Stratigraphic Units Concerned
Marking the boundary between two lithotectonic domains, the ZCmob distorts units near the contact between the Mistinibi-Raude and Falcoz domains. In this way, it distorts the Kangiqsualujjuaq, Siimitalik and Fougeraye, and Pelland Suite in the Falcoz Domain, in addition to the Mistinibi Complex in the Mistinibi-Raude Domain. This shear zone also affects fabrics of certain units of the George Lithotectonic Domain, such as the Saint-Sauveur, Tunulic and Guesnier complexes, and De Pas Granitic Suite.
❯ Main Fabrics
|Main Fabric||Type of Fabric||Direction (°)||Dip / Plunge (°)||Number of measurements||Comments|
|Foliation Sn||Mylonitic foliation or banding, gneissosity, tectonometamorphic foliation||314||87||234|
|Lineation Ln||Secondary tectonometamorphic mineral lineation||320||11||32|
The ZCmob is characterized by well-developed mylonitic foliation or banding (Sn), as well as quartz rods (Ln) or bands, and porphyroclasts. Several decimetric to metric mylonite zones have C/S fabrics. At the junction with the ZCblm to the east, orthomylonites composed of nearly 50% of highly recrystallized matrix occur locally. Bands of broken granite containing K-feldspar or polymineralic porphyroclasts are also observed.

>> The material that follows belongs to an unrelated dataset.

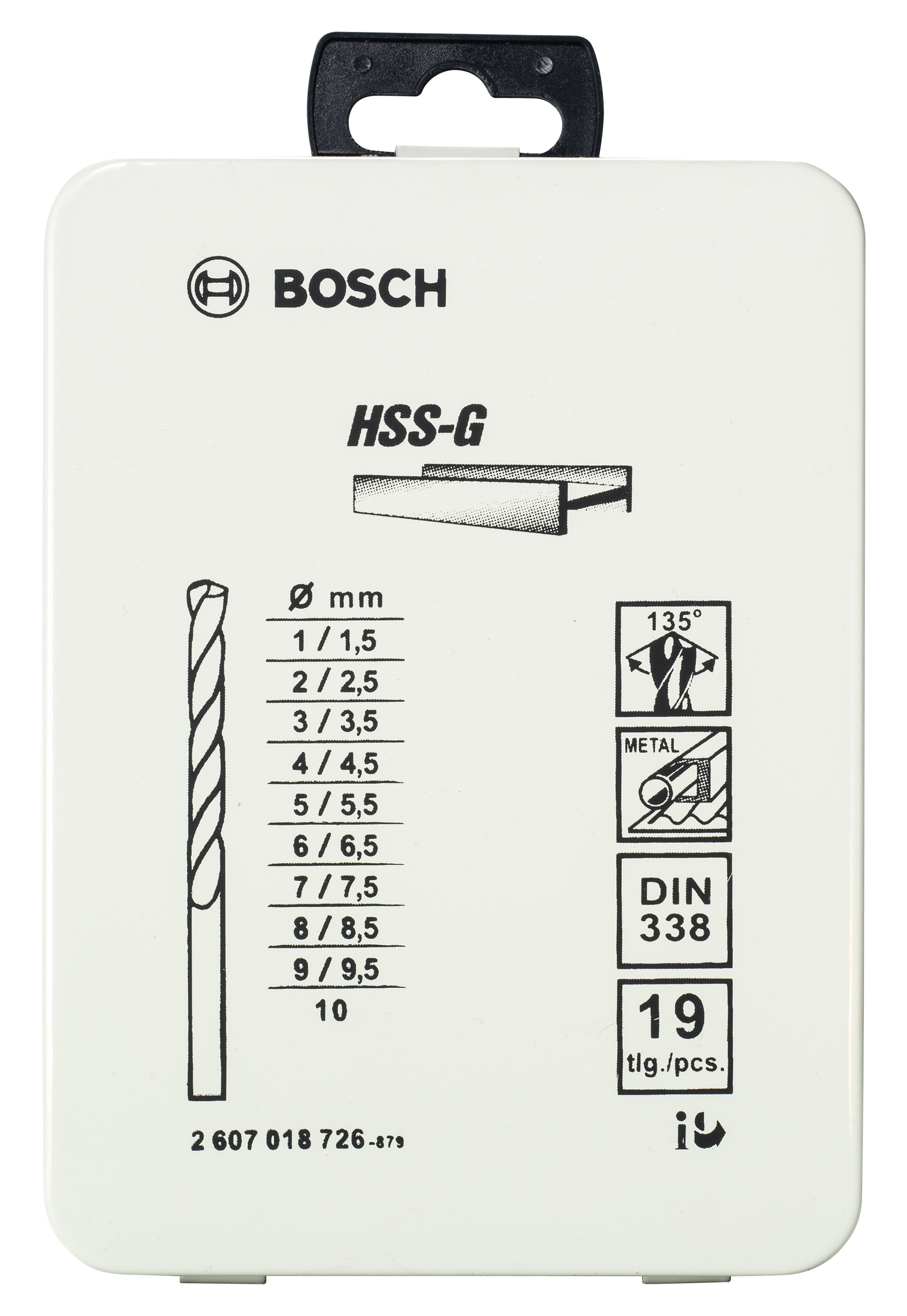 Opis zestawu 19-elem. zestaw wierteł do metalu HSS-G, DIN 338, 135° w metalowej kasecie Średnice (mm): 1; 1,5; 2; 2,5; 3; 3,5; 4; 4,5; 5; 5,5; 6; 6,5; 7; 7,5; 8; 8,5; 9; 9,5; 10 Długości robocze (mm): 12; 18; 24; 30; 33; 39; 43; 47; 52; 57; 57; 63; 69; 69; 75; 75; 81; 81; 87

Textures associated with the main fabric include crenulation, undulatory extinction of feldspar crystals, microfractures in grains, dismemberment of microliths and grinding. Within microliths, evidence of dynamic recrystallization is observed such as wedged grain edges and, more locally, grain edge migration.
In its western section, the ZCmob transposes the ZCrge fabric. Within a kilometric strip, the ZCrge NNW-SSE fabric is reoriented to an NW-SE axis. This influence of the ZCmob on ZCrge fabrics is also observed on the vertical magnetic gradient map.
❯ Other Fabrics
Does not apply.
Tight to isoclinal folds are commonly observed in ZCmob mylonitic zones. Their axial plane and fold axis are parallel to the main fabric (Sn and Ln respectively). The formation of these folds (Pn) therefore appears to be associated with the same transpression stress regime producing ZCmob mylonites.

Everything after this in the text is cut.